I also gave a talk at the SOSS Community Days on BuildSafe and on cell-based architecture in Kubernetes, showcasing a demo using vCluster. The talks will soon be available on the LF and CNCF YouTube channels, and I’m excited about the introduction of LF India!
While I haven’t been able to create much content for Kubesimplify lately, after KubeCon India, I’ll be doubling down. Expect lots of surprises ahead! First, I’ll be completing the CKS series, followed by massive new courses, everything will be top quality and the best in the industry, as always.
Reading Awesome stuff
I have been reading bunch of things while travelling
Kubernetes v1.32: Penelope - Kubernetes v1.32, themed "Penelope," marks a significant milestone with 44 enhancements, including 13 features graduating to Stable, such as structured authorization and memory-backed volume sizing, alongside new alpha features like asynchronous preemption and mutating admission policies. The release reflects a decade of Kubernetes evolution, emphasizing improved resource management, operational resilience, and usability, while showcasing robust community contributions and plans for ongoing development and ecosystem expansion.
Kubernetes v1.32: Memory Manager Goes GA - With Kubernetes v1.32, the memory manager has graduated to General Availability (GA), enabling efficient and predictable memory allocation for containerized applications in the Guaranteed QoS class. This milestone brings improved observability, reliability, and robustness, with future plans to extend support to Windows for enhanced CPU and memory affinity.

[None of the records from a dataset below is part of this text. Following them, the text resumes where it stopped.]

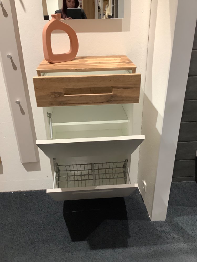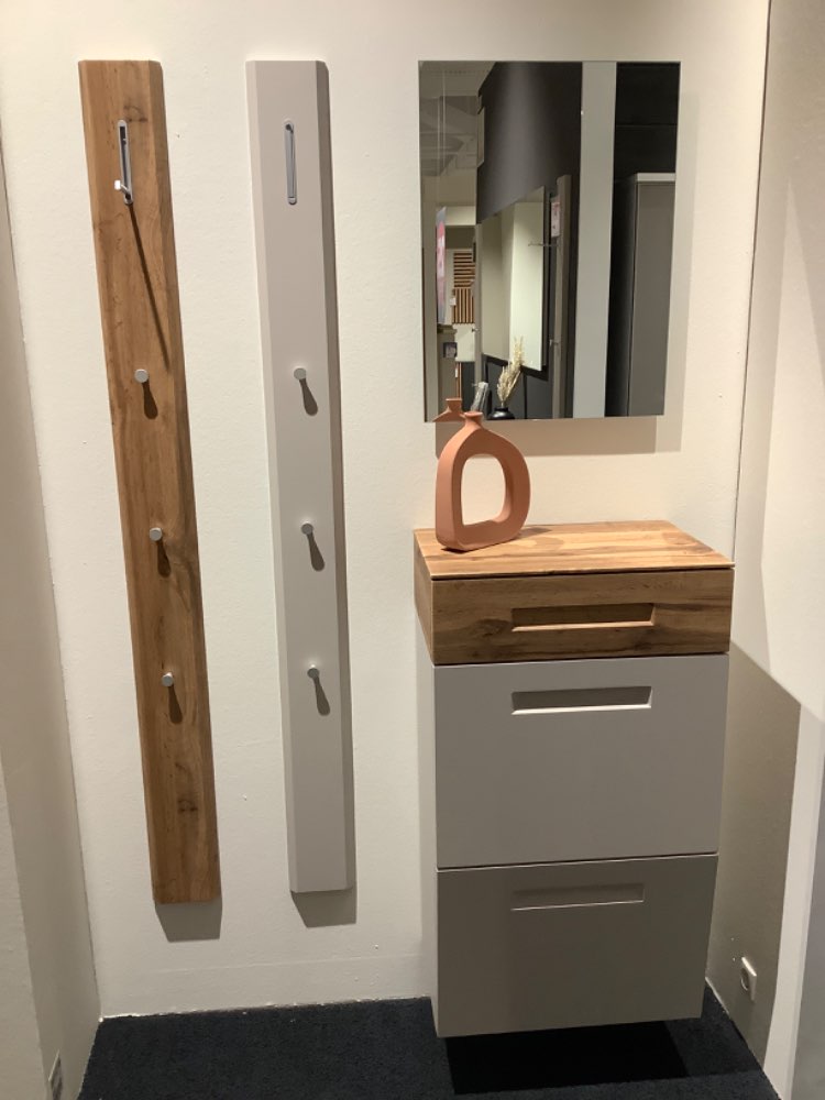 Korpus und Front: Sand matt, Absetzungen: Eiche Bestehend aus: Schuhschrank B/H/T ca.: 53/94/36cm Spiegel B/H/T ca.: 48/64/3cm 2x Paneel B/H/T ca.: 15/165/5cm
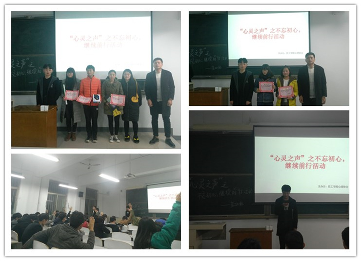 在公司心理健康教育中心的指导下,12月6日,由信工公司主办的“心灵之声”之不忘初心,继续前行主题活动在自勉堂111教室圆满举行。信工公司各班参选同学依次上台分享自己关于不忘初心,继续前行的奋斗故事。不同的是故事,相同的是同学们不忘初心,努力拼搏的奋斗精神。
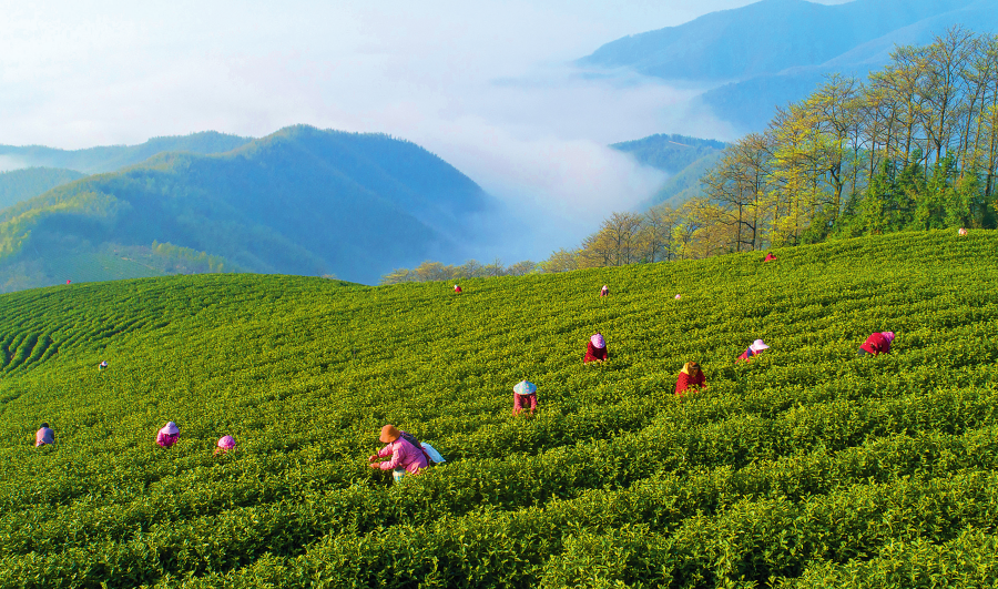 茶工在浙江省湖州市安吉县杭垓镇的生态茶园里采摘明前茶(2023年4月2日摄)。夏鹏飞摄/本刊
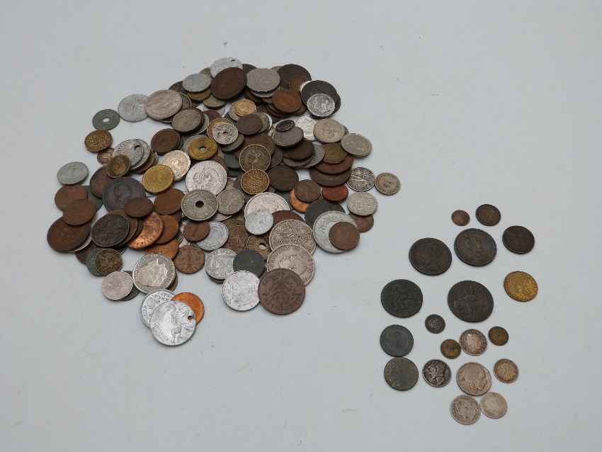 An amateur collection of world and UK coinage, George II onwards, includes miniature Victorian model coins, Coventry token, Nazi, small silver content
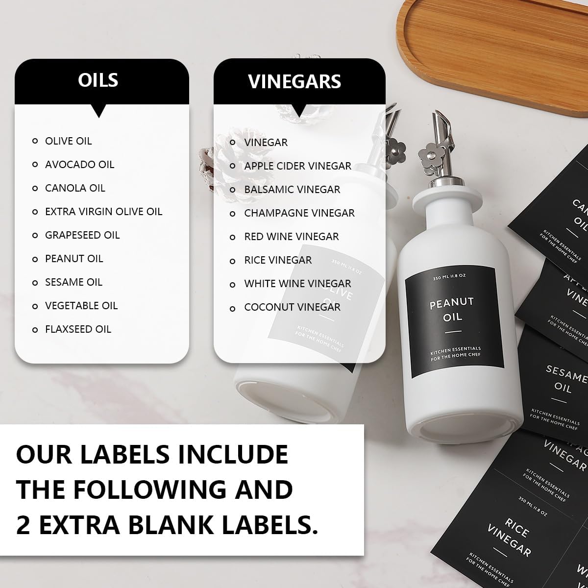 - KITCHEN OLIVE OIL DISPENSER BOTTLES – The oil and vinegar dispenser set contains 2 white 11.8oz (350ML) glass bottles, 2 silver stainless steel oil spouts, 17 waterproof labels(kinds of oil and vinegar) and a bamboo tray, Ideal for safely store and dispense your olive oil and vinegar.
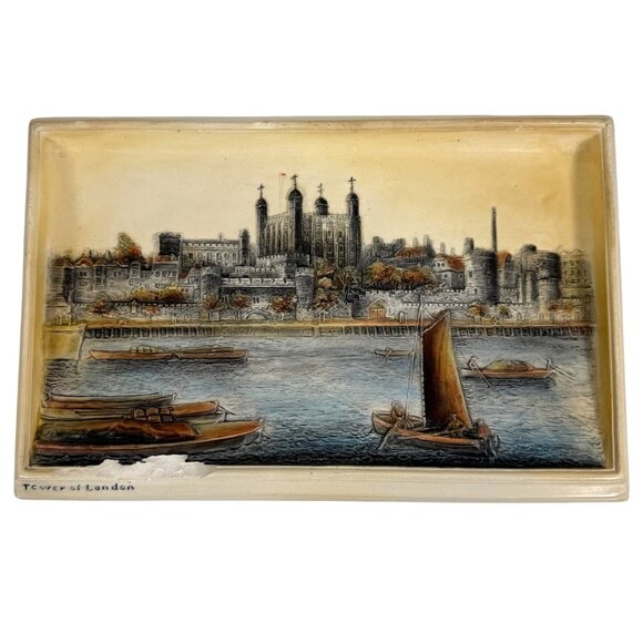 This vintage handcrafted 3D wall plaque showcases a detailed relief depiction of Tower of London and the Thames River. Ideal for collectors or decor.
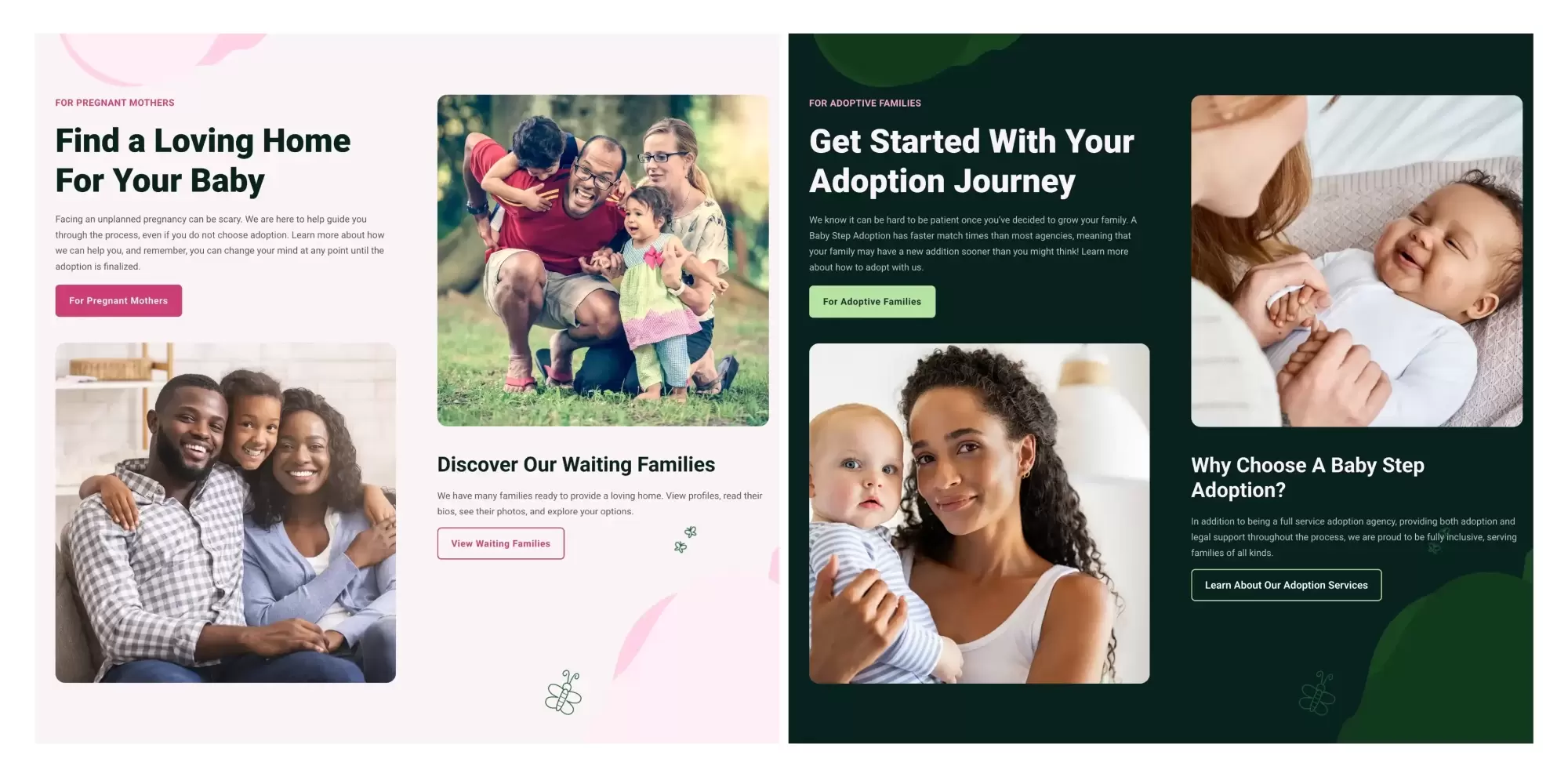 They didn’t want to blend in, they wanted to own their niche. We built on a warm, modern WordPress template, enhancing it with delightful custom butterflies and flowers that gave the site its own personality and charm. We selected stock photography that reflects the diverse nature of their client base, moving beyond typical adoption agency imagery to emphasize inclusivity and modern family structures.
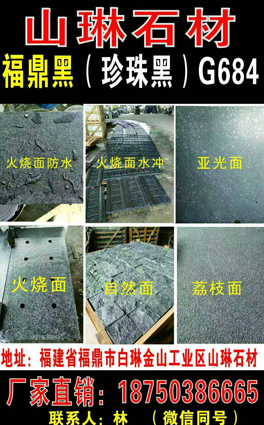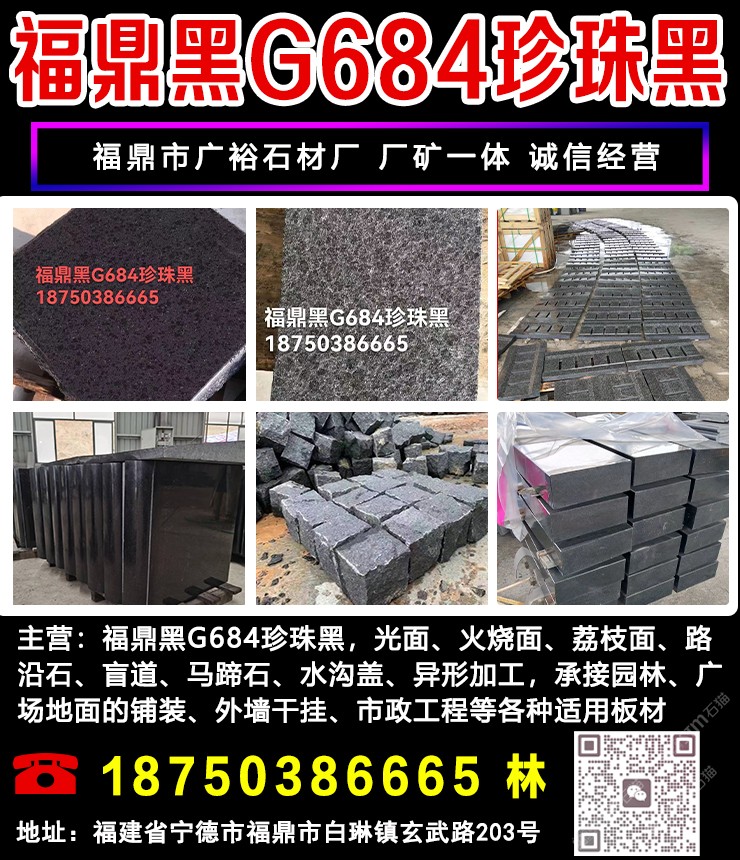 主營:福鼎黑G684、珍珠黑、芝麻黑G654,光面、荔枝面、火燒面、馬蹄石、盲道等。異型加工,承接經(jīng)營:市政園林,廣場(chǎng)地鋪,外墻干掛等各類適用板材
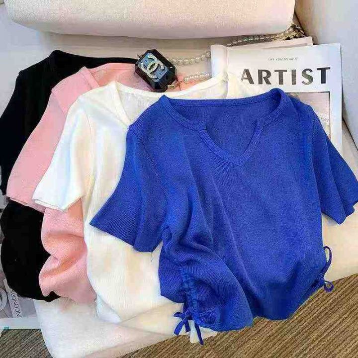夏季新款半开v领设计感抽绳收腰显瘦冰丝针织衫,独立包装,均码面料柔软舒...
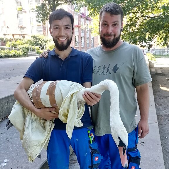 Schon öfter mussten wir durch Angelgerät verletzte Schwäne einfangen.
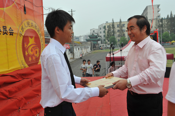 沈经理为一等奖获得者颁奖
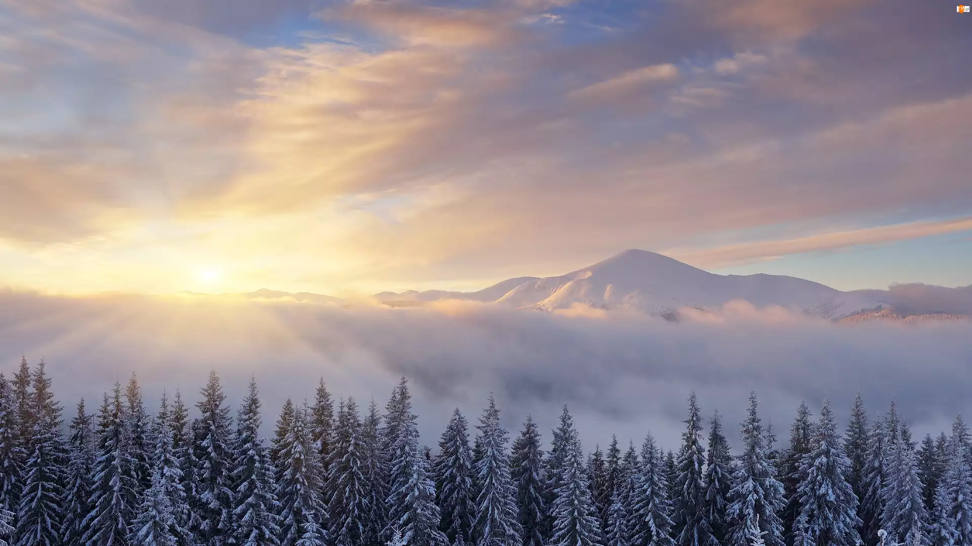Góry, Wchód słońca, Zima, Mgła
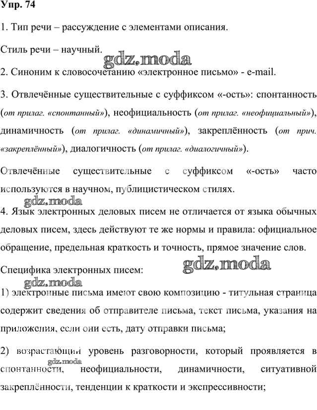 ОТВЕТ на задание № 74 Учебник по Русскому языку 8 класс Быстрова Инновационная школа
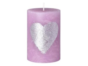 Rustikálna sviečka valec v sv. fialovej farbe + srdiečko lak 70x100 mm
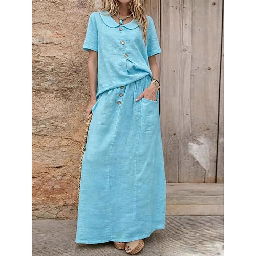 Per donna Abito Lungo Maxi Abito Vestito Casual Moderno Quotidiano Ufficio Vacanza Vestibilità comoda Semplice Manica Corta Scollo a V Blu Cachi Estate Primavera Autunno
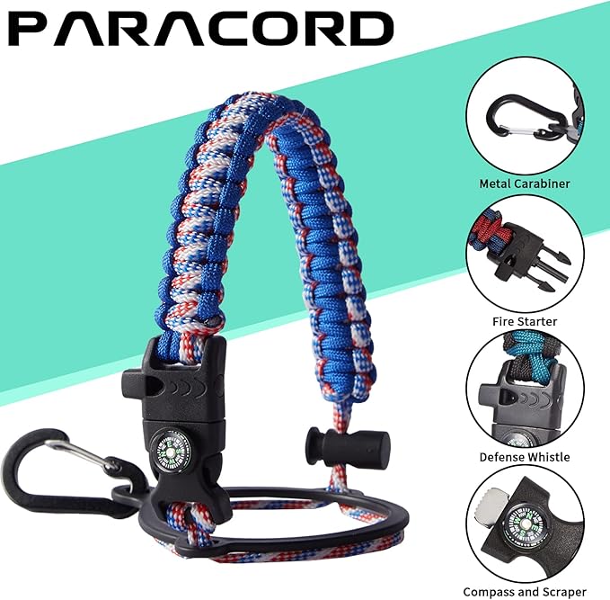 - UNIQUE DESIGNS PARACORD HANDLE: Full-function paracord handle made in individual styles to match the color of the flask water bottles. With compass, safety ring, carabiner, flint fire starter & whistle. It unravels into a sturdy and taut rope in an emergency, making the large water jug an ideal survival kit for expeditions in the wild
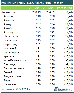 Цены на сахар в рознице выросли за месяц на 2,8%, до 208,2 тг за кг по итогам мая. Впрочем, это все еще на 11,4% меньше, чем годом ранее.
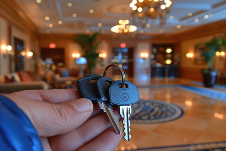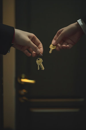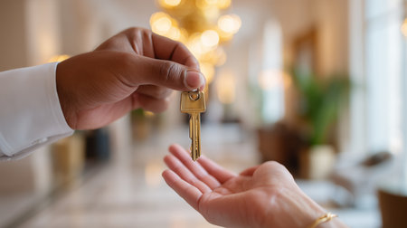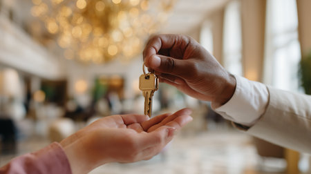 Beautiful golden key transfer in a bright hotel lobby
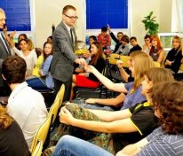 Dzień Szkoły Europejskiej zakończyliśmy symbolicznym wypuszczeniem żółto-niebieskich balonów, pamiętając o idei zjednoczonej Europy, której jesteśmy nieodłączną częścią. Gratulujemy zwycięzcom, dziękujemy Gościom, Rodzicom (domyślamy się Państwa udziału w naszym święcie), Nauczycielom, Uczniom i do zobaczenia za rok!
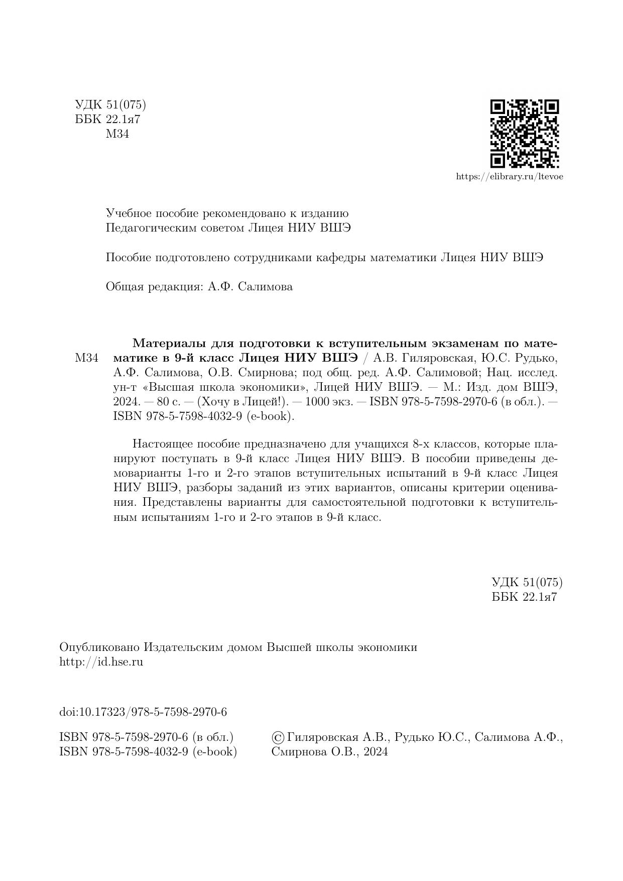 Настоящее пособие предназначено для учащихся 8-х классов, которые планируют поступать в 9-й класс Лицея НИУ ВШЭ. В пособии приведены демоварианты 1-го и 2-го этапов вступительных испытаний в 9-й класс Лицея НИУ ВШЭ, разборы заданий из этих вариантов, описаны критерии оценивания. Представлены варианты для самостоятельной подготовки к вступительным испытаниям 1-го и 2-го этапов в 9-й класс.
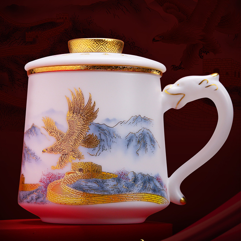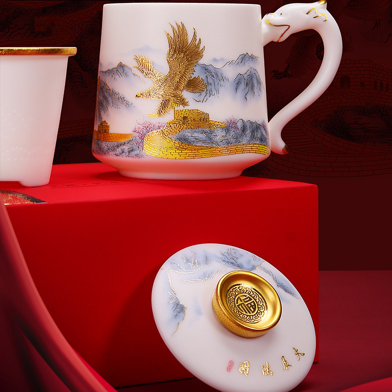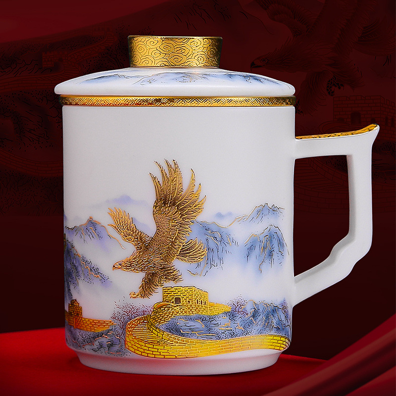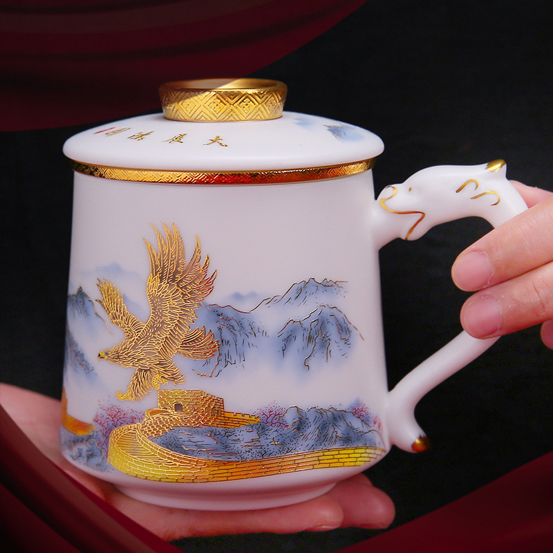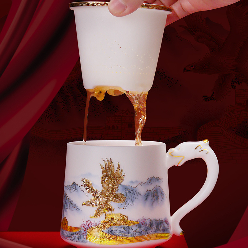 Легкая роскошная высококачественная чашка для воды из белого нефритового фарфора с крышкой, офисная чашка с фильтром, кружка для разделения чайной воды, чашка для заваривания чая.
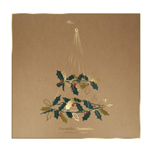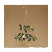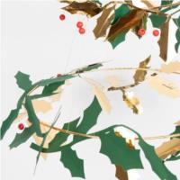 Make your home look instantly festive with this beautiful paper, wood and metal chandelier. Simply hang it in your porch or doorway, or from the ceiling, for a statement look. It blends a traditional holly design with lots of shiny gold foil for a stylish effect. And, unlike real foliage, you can reuse it year after year.

Salesforce Preps Heroku PaaS for Kubernetes Environments - Salesforce's Heroku PaaS now runs natively on Kubernetes, integrating with AWS services, supporting OCI specifications, OpenTelemetry, and adding .NET language support alongside existing options. By simplifying infrastructure complexities, Heroku aims to accelerate cloud-native application development and aligns with the growing trend of platform engineering for standardization and productivity.
Introducing Supply-Chain Firewall: Protecting Developers from Malicious Open Source Packages - Datadog Security Labs has introduced Supply-Chain Firewall, an open-source tool designed to protect developers from malicious and vulnerable packages on PyPI and npm by blocking or flagging risky installations. This Python-based solution offers developers enhanced security for their workstations, integrates seamlessly with tools like Datadog Log Management for observability, and is poised for further expansion to support additional package managers and community contributions.
When Kubernetes Fails: Reflections on the OpenAI Outage - The recent OpenAI outage, caused by a telemetry stack deployment in their Kubernetes environment, highlights the platform's operational complexity even for experts, as it disrupted their control-plane access and required significant recovery efforts. This serves as a wake-up call for organizations, emphasizing the need for Kubernetes expertise, proactive safeguards, and simplified management solutions like Portainer to mitigate risks and make Kubernetes more accessible to smaller teams.
Devin is now generally available - Devin, an AI development assistant now available at $500 per month, streamlines engineering tasks with features like Slack integration, an IDE extension, and API access. It excels in handling bugs, PRs, and refactoring, with proven contributions to open-source projects like Anthropic MCP and Zod, showcasing its effectiveness with human guidance.